As soon as we do I/O, network access, database access or simply a bit more serious calculation, this becomes of course easily unbearably slow. But today it is cool to deal with big data and to at least call what we are doing big data, even though conventional processing on a laptop can do it in a few seconds or minutes... And there are of course ways to process way more iterations than this, but it becomes worth thinking about the system architecture, the hardware, parallel processing and of course algorithms and software stacks. But here we are in the "normal world", which can be a "normal subuniverse" of something really big, so running on one CPU and using a normal language like Perl, Java, Ruby, Scala, Clojure, F# or C.

Now sometimes we encounter situations where we want to nest loops, but the depth is unknown, something like

for (i_0 = 0; i_0 < n_0; i_0++) {
  for (i_1 = 0; i_1 < n_1; i_1++) {
    \cdots
      for (i_m = 0; i_m < n_m; i_m++) \{\cr
        dosomething(i_0, i_1,\ldots, i_m);
      }
    \cdots
  }
}

Now our friends from the functional world help us to understand what a loop is, because in some of these more functional languages the classical C-Style loop is either missing or at least not recommended as the everyday tool. Instead we view the set of values we iterate about as a collection and iterate through every element of the collection. This can be a bad thing, because instantiating such big collections can be a show stopper, but we don't. Out of the many features of collections we just pick the iterability, which can very well be accomplished by lazy collections. In Java we have the Iterable, Iterator, Spliterator and the Stream interfaces to express such potentially lazy collections that are just used for iterating.

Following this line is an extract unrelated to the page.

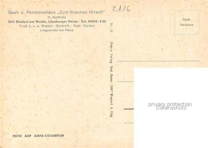 73711941 Nindorf Bleckede Gasthaus Zum Braunen Hirsch Aussenansicht postalisch nicht gelaufen Erhaltung siehe scans [LiesaD40] KatCode: 11110003355009

So we could think of a library that provides us with support for ordinary loops, so we could write something like this:

Iterable range = new LoopRangeExcludeUpper<>(0, n);
for (Integer i : range) {
    doSomething(i);
}

or even better, if we assume 0 as a lower limit is the default anyway:

Iterable range = new LoopRangeExcludeUpper<>(n);
for (Integer i : range) {
    doSomething(i);
}

with the ugliness of boxing and unboxing in terms of runtime overhead, memory overhead, and additional complexity for development. In Scala, Ruby or Clojure the equivalent solution would be elegant and useful and the way to go...
I would assume, that a library who does something like LoopRangeExcludeUpper in the code example should easily be available for Java, maybe even in the standard library, or in some common public maven repository...

Now the issue of loops with unknown nesting depth can easily be addressed by writing or downloading a class like NestedLoopRange, which might have a constructor of the form NestedLoopRange(int ... ni) or NestedLoopRange(List li) or something with collections that are more efficient with primitives, for example from Apache Commons. Consider using long instead of int, which will break some compatibility with Java-collections. This should not hurt too much here and it is a good thing to reconsider the 31-bit size field of Java collections as an obstacle for future development and to address how collections can grow larger than 2^{31}-1 elements, but that is just a side issue here. We broke this limit with the example iterating over 10'000'000'000 values for i already and it took only a few minutes. Of course it was just an abstract way of dealing with a lazy collection without the Java interfaces involved.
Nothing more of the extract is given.